[Question] Is the sentencepiece alpha in Marian CLI the one used for BPE dropout?

marian-nmt / marian-dev

Fast Neural Machine Translation in C++ - development repository

https://marian-nmt.github.io

Other

255 stars 125 forks source link

[Question] Is the sentencepiece alpha in Marian CLI the one used for BPE dropout? #658

Closed alvations closed 4 years ago

alvations commented 4 years ago

Is the --sentencepiece-alphas in Marian CLI the same as the alpha on https://github.com/google/sentencepiece/blob/master/src/bpe_model.h#L43 to support BPE dropout when called at https://github.com/marian-nmt/marian-dev/blob/master/src/data/sentencepiece_vocab.cpp#L214 ?

If so, why is there more than 1 alpha?

emjotde commented 4 years ago

We haven't updated to newer SentencePiece for a while. If that concerns BPE dropout then likely not.

alvations commented 4 years ago

Thanks for the clarification! I'll play around the --sentencepiece-alphas in Marian and see what it does during training then =)

emjotde commented 4 years ago

Didn't do anything for me. Hence my skepticism towards BPE dropout as well.

alvations commented 4 years ago

Thanks again for checking! Seems like didn't do much to my .spm models too... Maybe it has to be used with some order mechanisms.

Lol, maybe it's better to just create the .spm with the latest dev branch in sentencepiece =)

emjotde commented 4 years ago

Don't think the algorithms actually changed.

alvations commented 4 years ago

I think the the SampleEncode overridden functions did have a new alpha argument in SentencePIece.

For context, I've just got to just figure out how to use the BPE dropout there to "replicate" someone else's experiment that uses https://github.com/VKCOM/YouTokenToMe 's (sentencepice's unigram entropy algorithm with BPE dropout).

alvations commented 4 years ago

Going to close this issue. Thanks for the explanations! I'll just check back when the new sentencepiece is updated in Marian =)

emjotde commented 4 years ago

A remark for clarity, the unigram method isn't BPE, hence no BPE dropout there.
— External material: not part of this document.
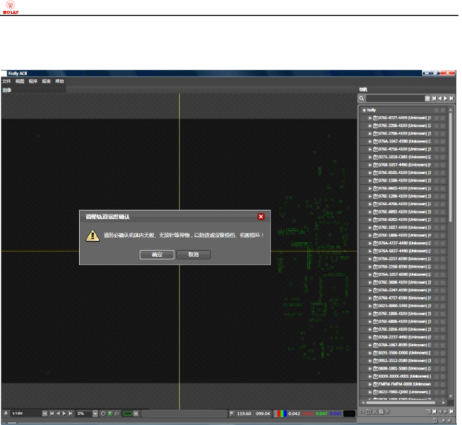 上海 赫 立 电 子 科 技 有 限 公司 在 线 型 自 动 光 学 检 测 仪 使 用 手册 第 1 8 页 共 6 4 页 屏幕 出 现 如 下 图 所 示 的 C AD 总 体 布 局 图 ( 绿 色 矩 形 框 显示 )及 元件 目 录 树 , 并 且 系 统 会 自 动出 现 “ 调 整 轨 道 宽 度 确认 ” 对 话框 , 点击 “ 确 定 ” 则 系 统 会 按照 先 前 设 定 的 “ 拍 照 / 轨 道 宽 度 ”…

I guess you just mean the segmentation sampling?

alvations commented 4 years ago

yes the "BPE dropout" here refers to the segmentation sampling ("Multiple Subword Candidates"), i.e. for the same word, segment it into different ways. https://github.com/google/sentencepiece#subword-regularization-and-bpe-dropout =)

Maybe it should be called "subword dropout" or "subword sampling" or something, lol...